It was July 2008, a beautiful time to be in Peru. We had been sitting in circle for a few hours there at Killarumi, a temple to the moon where few go, near the base of mountains outside Cusco. It had been another beautiful despacho* ceremony with Q'ero friends. Most of them were from Ccochamocco, a small village perched at 17,000 feet, two days' travel away largely by foot. With chakaruna* Don Américo Yábar being the conduit who brought us together, we'd been meeting like this to share blessings, prayers and friendship for many years.

The ritual completed, the despachos were fed to the fire a short distance away. People were moving around quietly, tamales and fruit shared. Inka Cola, the distinctly Peruvian drink with its bubblegum flavor, was offered by helpers.

Through Don Américo I had asked to have a separate meeting with some of the Q'ero spiritual leaders after the ceremony and we gathered to talk, away from the other travelers. The previous year Kenosis Spirit Keepers had been founded, as the nonprofit arm of Kenosis, with the vision that it would hold ways to give back and help support the Native traditions I had come to find so meaningful in my own life. Board members Oakley Gordon, Darlene Dunning and Ruth Harrison were present, as well as Oscar Panizo, who had acted as translator on these journeys for some years.

In the Andes it's a custom to practice what the Quechua people call ayni, the closest translation meaning, in its highest sense, a flow of giving and receiving. If one person has knowledge or a resource that another one doesn't, then it's incumbent on that person to offer it. In this way the level of function and quality of life for the entire community is elevated. Ayni has to do with the betterment of the whole. At the same time it also affects the individual, but that consideration is secondary to the community, a very different orientation from Western worldview.

"Waikis*, you've been sharing your teachings for many years and it's had a strong effect on so many of us," I said. "Is there something we can now offer in ayni? In a larger way?

Over the years, Kenosis had given smaller amounts of funds toward community welfare. And travelers I brought had purchased weavings directly, which was a beautiful exchange and helped the weavers' families. Now that Kenosis Spirit Keepers was formed, we had the nonprofit framework to do something more, if the Q'ero people wanted.

There was a very pregnant pause as the Q'ero leaders looked at each other and said a few words amongst themselves. Finally, they said, "Help us build a school."
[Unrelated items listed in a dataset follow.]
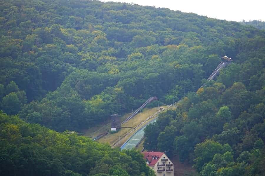 Die „Zwölfmorgentalschanzen“ sind tatsächlich die größten in ganz Sachsen-Anhalt. Wettkampfmäßig größer in Erscheinung getreten sind diese jedoch bisher nicht. Im Zwölfmorgental, so ergibt die Internetrecherche, gibt es sogar einen Skihang mit Skilift. Da sind wir dann doch ein wenig erstaunt. Wer also Wernigerode im Winter einen Besuch abstatten möchte: Skier und Schlitten können bei Schneefall genutzt werden!
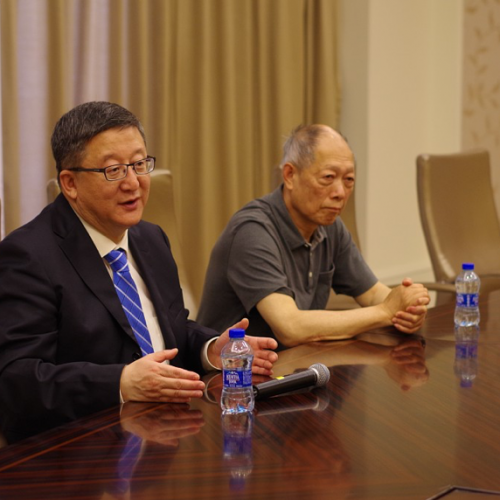 品生医学首席医学官郭欣(左)、福建省立医院副院长浦晓东(右)接受记者采访
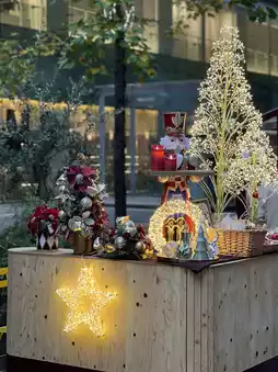 The theme changes with the seasons: umbrellas and sunbeds in summer, lights and heaters in winter, and a flower garden-like exhibition park in spring.
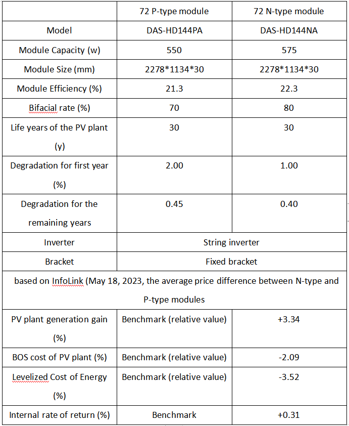Based on the data calculation showing a 3.34% higher wattage per unit for N-type modules compared to P-type modules, in the same geographic location (Haikou, Hainan, Class II light resource area) for constructing PV plants. Assuming that the PV plant systems adopt the same design logic and have consistent DC capacity (100MW on the DC side), the profitability data calculation is based on InfoLink (May 18, 2023, the average price difference between N-type and P-type modules) shown below.

Students in front of school

Students in front of school
Photo credit: Lizbeth Escudero Lopez

It was our turn to look at each other. In shock, shades of "Three Cups of Tea" flashed across my mind, an overwhelming sense of being in over my head took hold. We'd had the idea that perhaps they would want some alpacas or something simple for which we could fundraise.

But a school was definitely what they wanted. The leaders talked excitedly how there was no school in their village and just how far the nearest one was. Consequently, their children didn't go to school. They told us emphatically that they received no help from the government and no one seemed to care.

After we conferred a bit further I managed to get out, "Yes. We would be glad to help you with a school." All the while, I was already beseeching the unseen powers to put means in front of us that would allow fulfilling this complex promise full of tricky considerations.

School lunch program

School lunch program
Photo credit: Katherine Majzoub

The Q'ero people consider themselves descended from the first Inka, and are thought of as keepers of those traditions in their purest form. I had always been aware of the hazards to their traditions when I brought Westerners to meet with them. Just by virtue of our presence we inserted change. Up until this request, I had stringently sought to keep any cultural footprint made by our work together as insubstantial, and certainly harmless, as possible. Now, it was unavoidable.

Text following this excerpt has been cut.